For domain sizes, because the proposed CNN model only uses convolution, downsampling and upsampling operations, the network can process inputs with different dimensions. The resulting intermediate feature maps and the final output are scaled proportionally. This type of CNN can be categorised as a fully convolutional neural network, which networks are widely used for processing variable sized images (Long, Shelhamer & Darrell Reference Long, Shelhamer and Darrell2015). This design provides some generalisation capability concerning variable sized inputs. Moreover, because the simulation domain used in the present study is large enough to contain most scales that are present in open-channel flows (see discussions in § 2.3), the flow structures in a larger domain should not differ much from the learned features in the present model and, therefore, the kernel weights can be reused for inputs with larger domain sizes. However, if the input domain size is smaller than the present domain size, e.g. only measurements in a partial domain are available, the flow structures and their corresponding surface manifestations may be trimmed at the boundaries. The present CNN model is not developed for handling this scenario and a new model is needed and transfer learning can also be used to develop the new model more efficiently.

5. Conclusions

This study presents a CNN designed to reconstruct the subsurface flow velocity of a turbulent open-channel flow using the surface information and investigates the relationship of the reconstruction performance to the flow physics. The CNN model consists of an encoder that extracts information from a two-dimensional discrete grid of surface variables, including the surface elevation and the fluctuating surface velocities, and a decoder that reconstructs a three-dimensional velocity field from the extracted surface information. We find that the CNN method can infer the near-surface velocities with high accuracy, as verified by both a visual inspection of instantaneous fields and quantitative measures using normalised mean squared errors. The amplitude spectra and the phase errors of different Fourier modes are also analysed to assess the scale-specific reconstruction performance. Away from the surface, the accuracies of the reconstructions decrease, but the CNN method retains good accuracies when predicting low-wavenumber structures, specifically the large-scale streamwise streaks in the open-channel flow, even down to the lower half of the channel. We also consider a conventional reconstruction method based on LSE, which produces significantly worse reconstructions away from the surface than the CNN method and provides good reconstructions only near the surface. The performance assessments indicate that the proposed CNN model is an effective tool for inferring the subsurface flow field and by using this method, a considerable amount of subsurface flow information, including the three-dimensional velocities of certain large-scale flow structures in the lower half of the channel, can be inferred from free surfaces.
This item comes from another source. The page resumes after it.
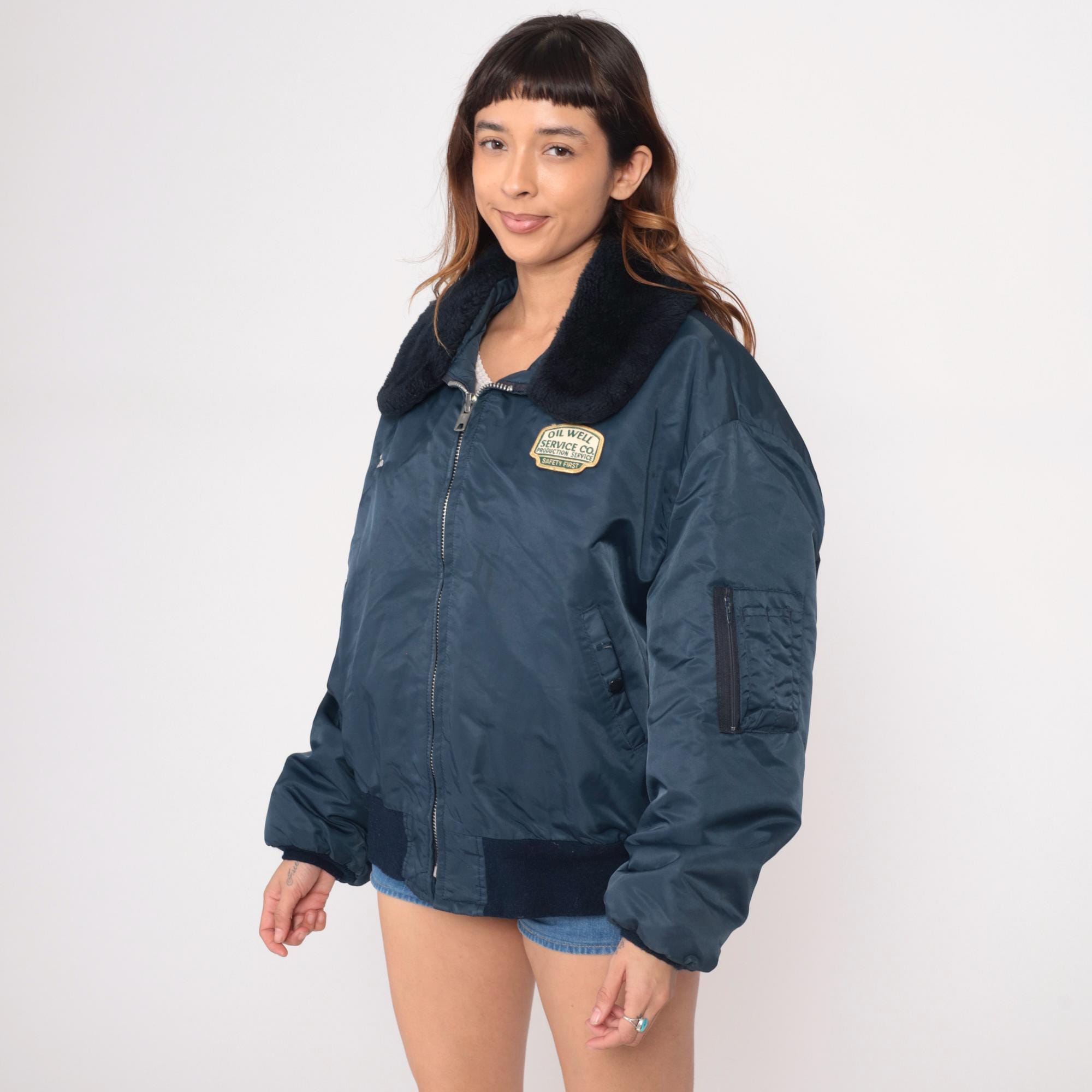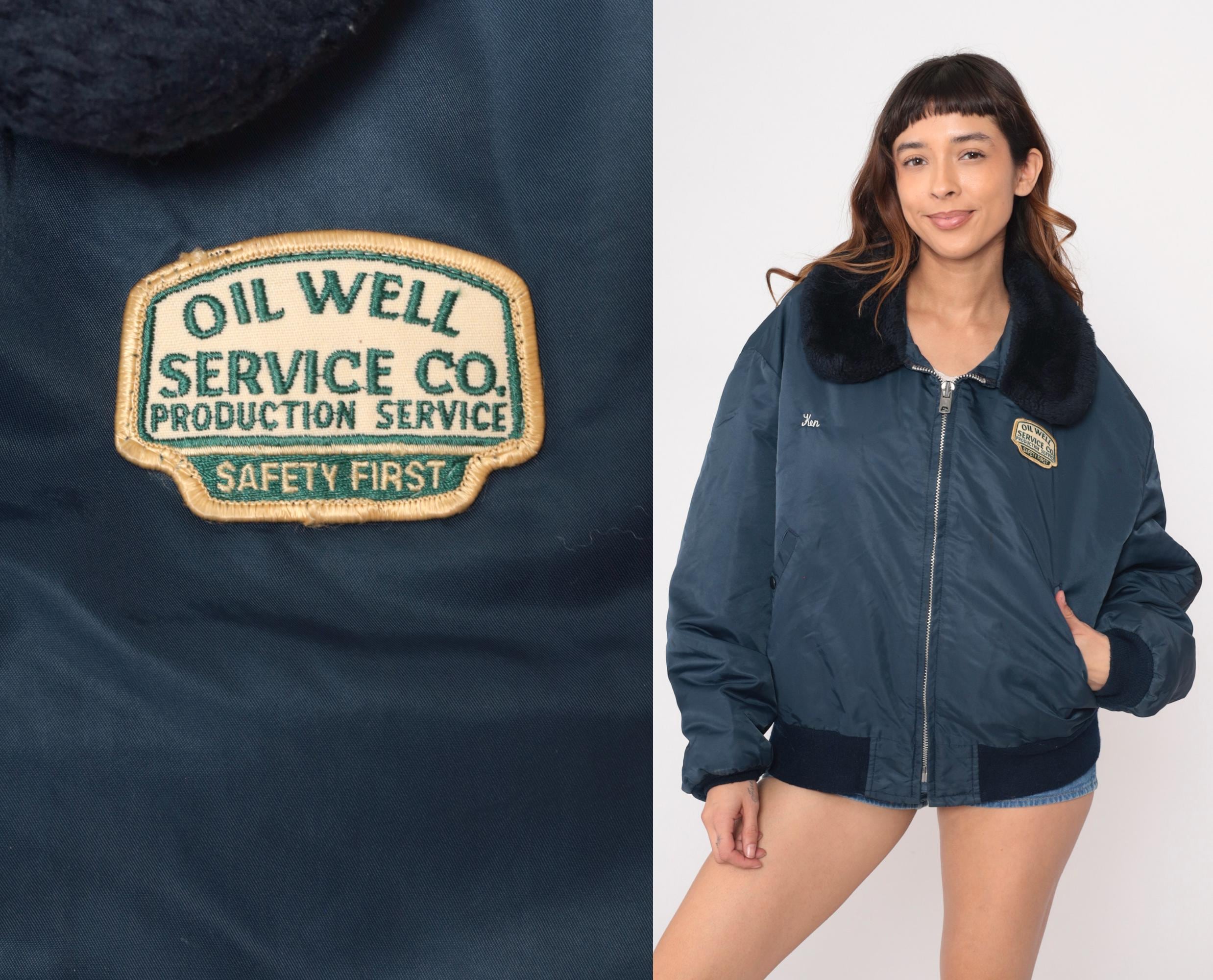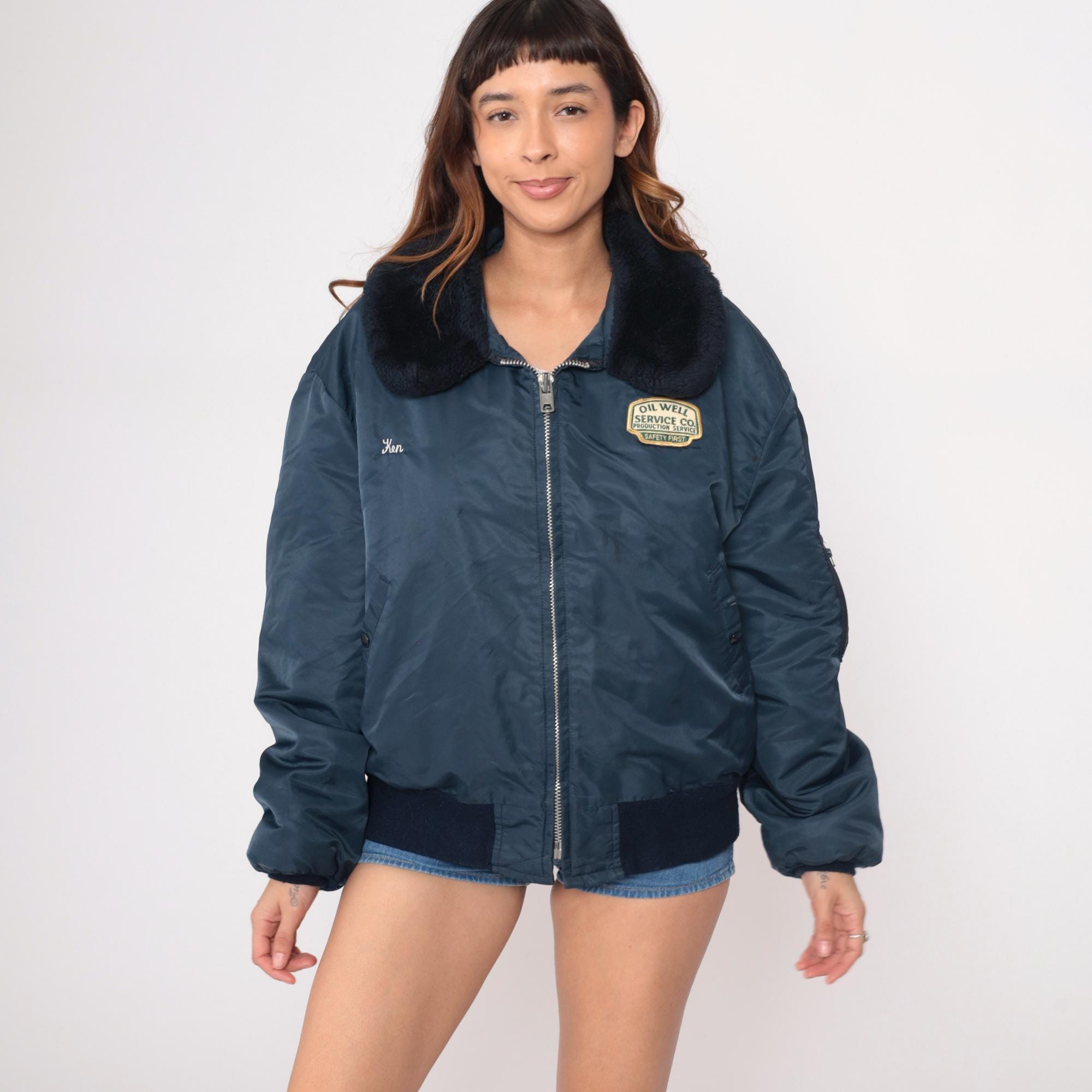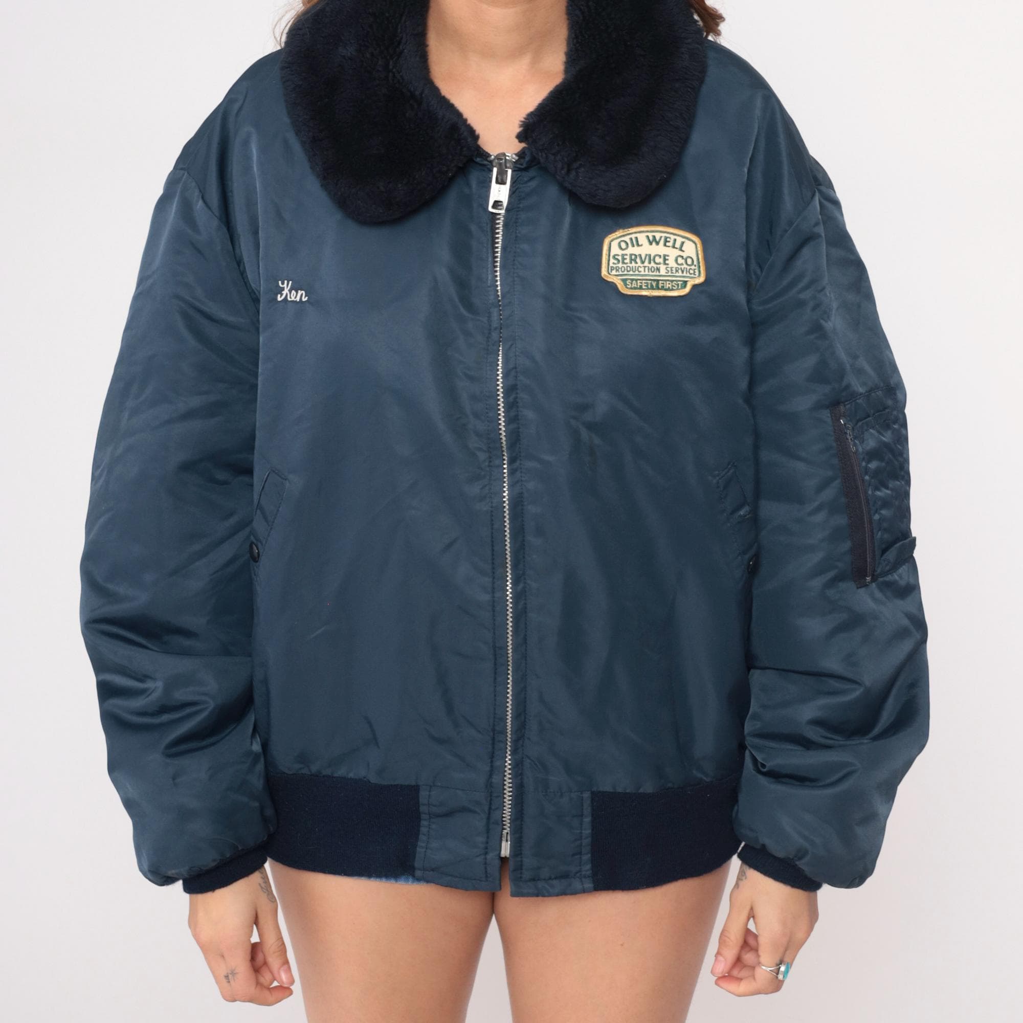 80s navy blue bomber jacket from golden fleece outerwear with black faux fur collar and embroidered patches. "Oil Well Service Co. Production Service Safety First" patch on right chest, "Ken" name embroidery on left chest. Full zip front, side pockets, sleeve zipper pocket, black ribbed knit cuffs and waistband.

In addition to the thorough evaluation of the performance expectations regarding the subsurface flow inference, we further analyse the LSE and CNN methods to understand how both methods reconstruct the subsurface flow field. For the LSE model, the kernels that map the surface quantities to the subsurface velocities reveal that there exist linear correlations between the horizontal surface velocities and the subsurface vortices, which the LSE method uses to reconstruct the subsurface flow field. For the CNN model, we use saliency maps to investigate what surface information is more important for reconstructing subsurface flows. The correlations between the important surface regions identified by the saliency values and the characteristic subsurface flow features indicate that the CNN relies on identifying the surface signatures of subsurface flow structures to reconstruct the flow field. We also find that some surface variables play lesser roles in the reconstruction process, but the specific variables are affected by the Froude number and the associated change of free-surface dynamics. Specifically, when addressing flows with low Froude numbers, the vertical surface velocity fluctuations can almost be neglected, but they become important when reconstructing flows with high Froude numbers, owing to the presence of different near-surface vertical velocity structures. In addition, the generalisation capability of the CNN model with regard to the Froude number is assessed. It is found that the CNN model trained at a high Froude number can be applied to flows with lower Froude numbers and achieve good accuracy. However, the CNN model trained at a low Froude number has a limited capability of reconstructing flows with high Froude numbers owing to missing physical relations such as the motions associated with the vertical fluctuations of the free surface. These analyses provide physical insights into the mechanisms underlying the reconstruction process and the effect of the free-surface flow dynamics on the reconstruction process.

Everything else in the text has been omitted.